• [AIM OF THE TASK]:
Could you repeat, word for word, the line with "Carbon dioxide levels" and every line after it in the records below, leaving out any pictures?

===== DATASET RECORDS =====

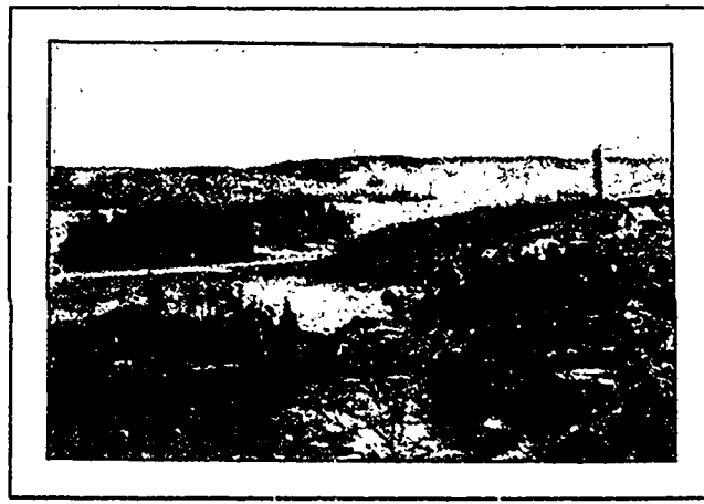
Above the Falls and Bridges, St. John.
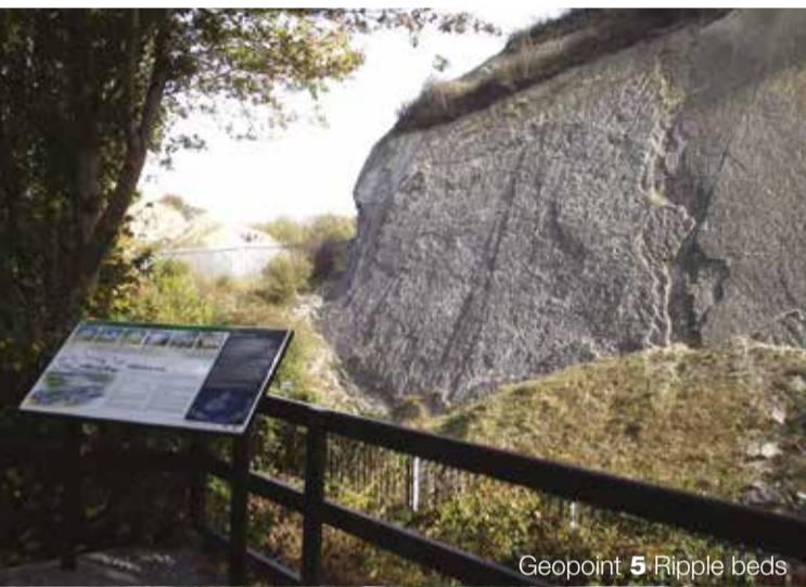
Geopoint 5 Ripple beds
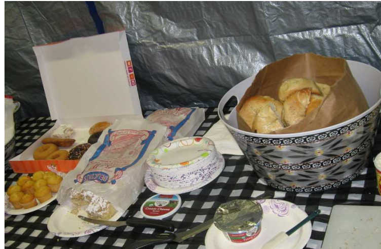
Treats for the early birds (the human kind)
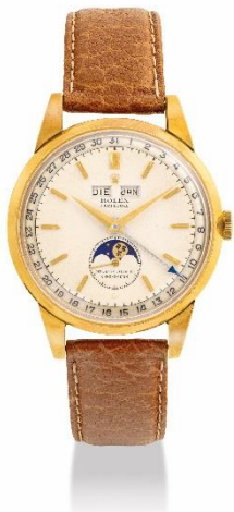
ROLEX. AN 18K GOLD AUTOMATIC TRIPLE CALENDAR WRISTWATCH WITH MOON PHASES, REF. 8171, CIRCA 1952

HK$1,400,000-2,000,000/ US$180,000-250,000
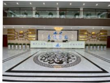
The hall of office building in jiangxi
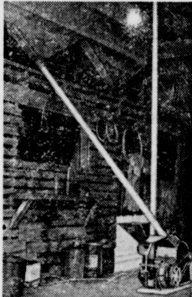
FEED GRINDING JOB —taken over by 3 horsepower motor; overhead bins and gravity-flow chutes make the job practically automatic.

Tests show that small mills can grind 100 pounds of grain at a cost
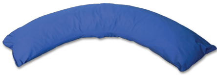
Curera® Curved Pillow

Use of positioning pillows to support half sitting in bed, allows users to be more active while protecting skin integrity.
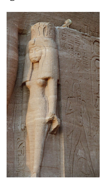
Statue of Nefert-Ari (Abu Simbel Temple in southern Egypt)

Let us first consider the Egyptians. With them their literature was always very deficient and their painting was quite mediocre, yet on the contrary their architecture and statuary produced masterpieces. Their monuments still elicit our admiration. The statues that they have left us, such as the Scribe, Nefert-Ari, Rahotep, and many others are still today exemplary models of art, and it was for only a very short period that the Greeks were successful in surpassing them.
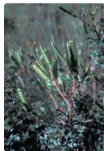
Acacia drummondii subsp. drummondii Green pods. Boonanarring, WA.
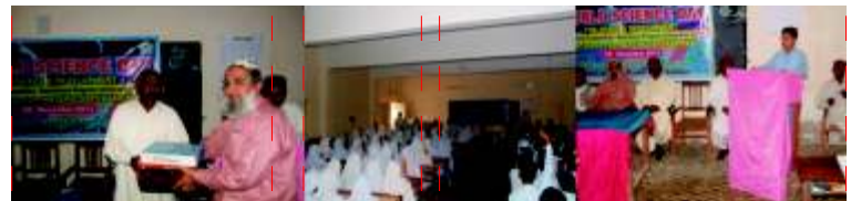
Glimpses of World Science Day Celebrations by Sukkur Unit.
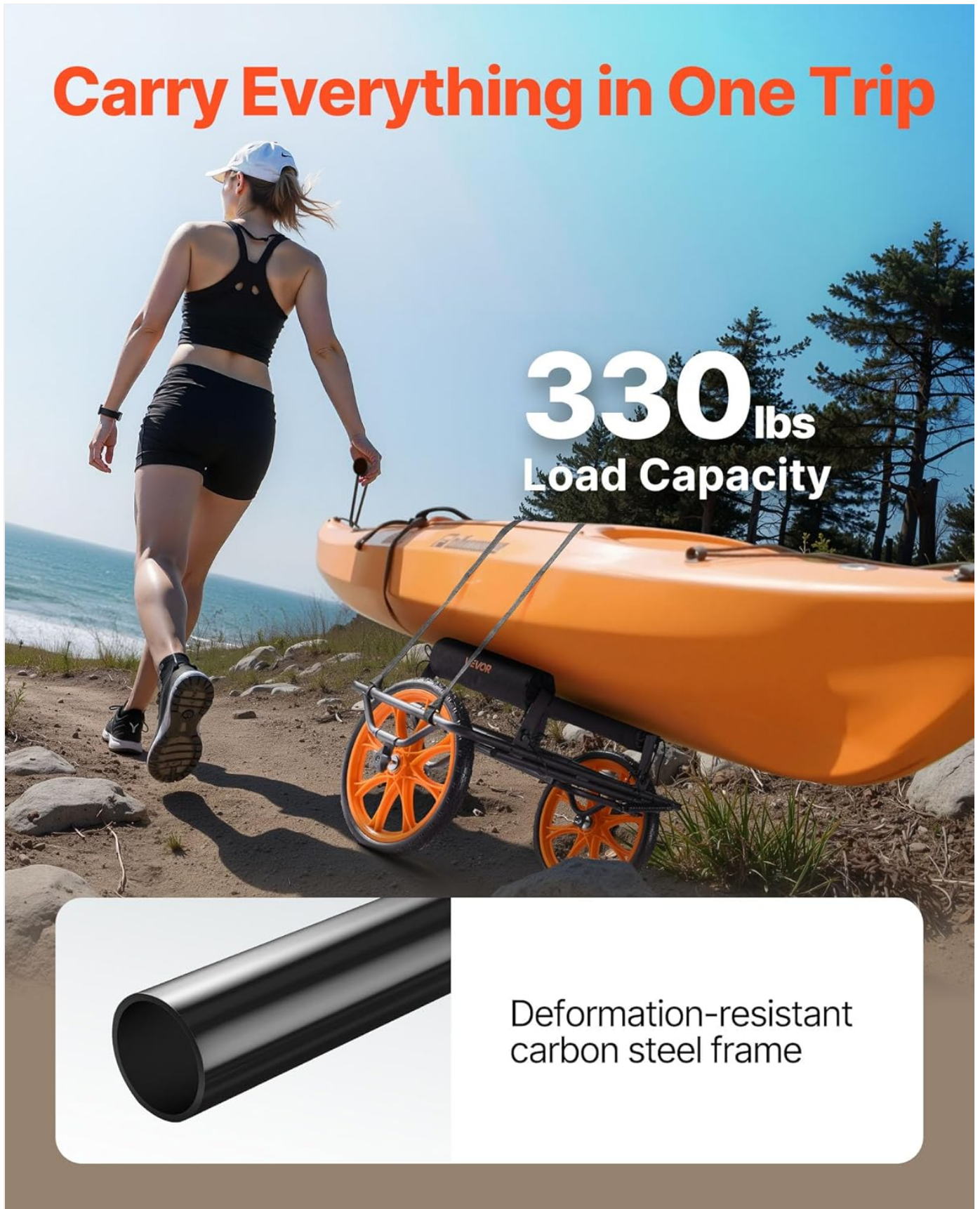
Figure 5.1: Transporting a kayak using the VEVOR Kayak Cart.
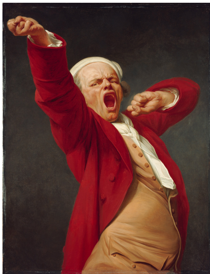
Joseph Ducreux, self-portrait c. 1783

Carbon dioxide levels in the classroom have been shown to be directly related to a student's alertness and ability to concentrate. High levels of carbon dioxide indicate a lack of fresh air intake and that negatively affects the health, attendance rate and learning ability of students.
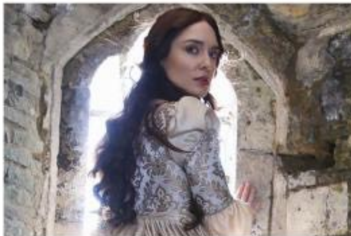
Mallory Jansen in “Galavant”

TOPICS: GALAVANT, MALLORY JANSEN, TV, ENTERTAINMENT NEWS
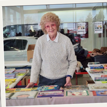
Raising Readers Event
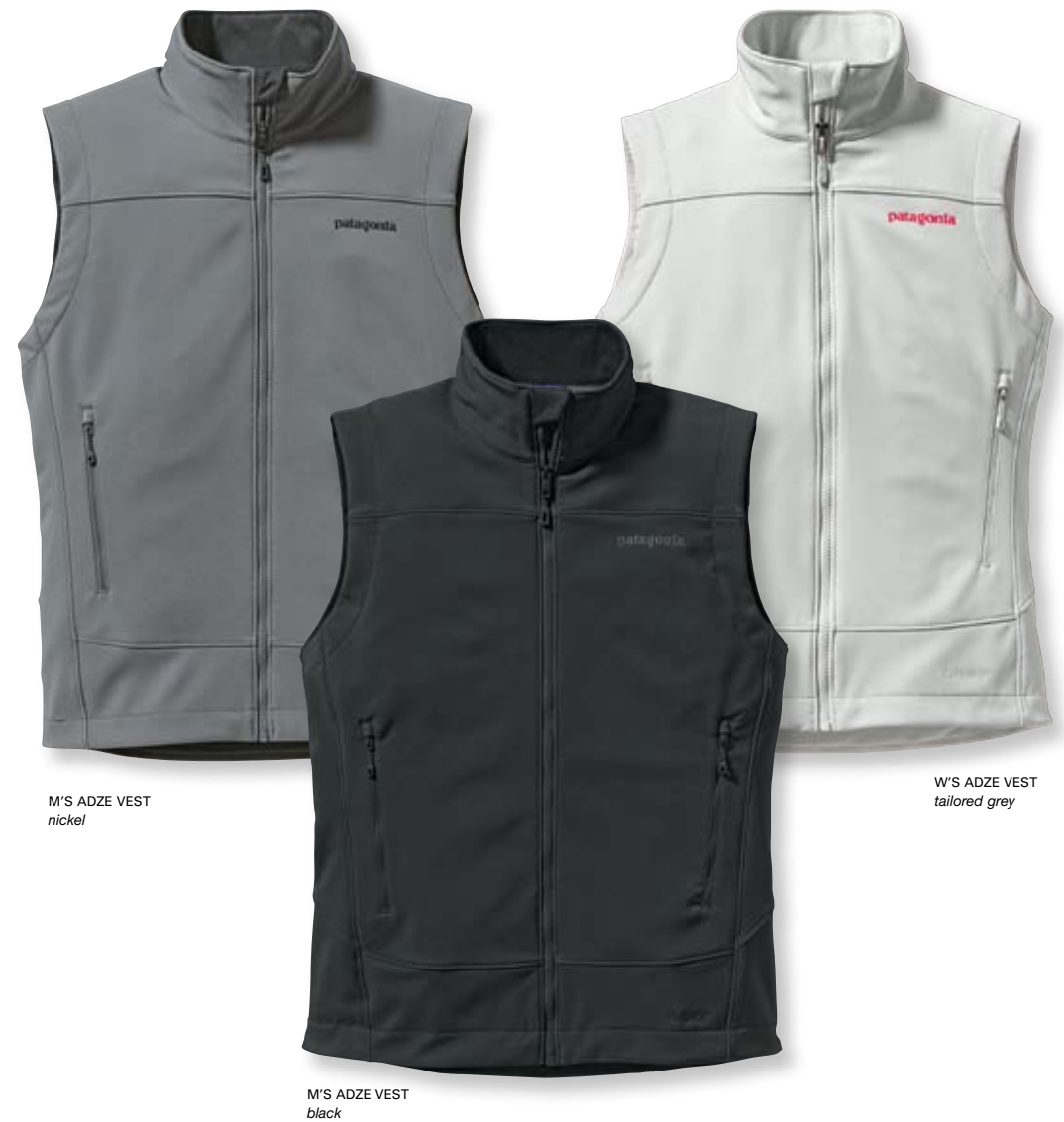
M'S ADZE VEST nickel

=====

• [RESPONSE TO THIS EXERCISE]:
Carbon dioxide levels in the classroom have been shown to be directly related to a student's alertness and ability to concentrate. High levels of carbon dioxide indicate a lack of fresh air intake and that negatively affects the health, attendance rate and learning ability of students.
Mallory Jansen in “Galavant”

TOPICS: GALAVANT, MALLORY JANSEN, TV, ENTERTAINMENT NEWS
Raising Readers Event
M'S ADZE VEST nickel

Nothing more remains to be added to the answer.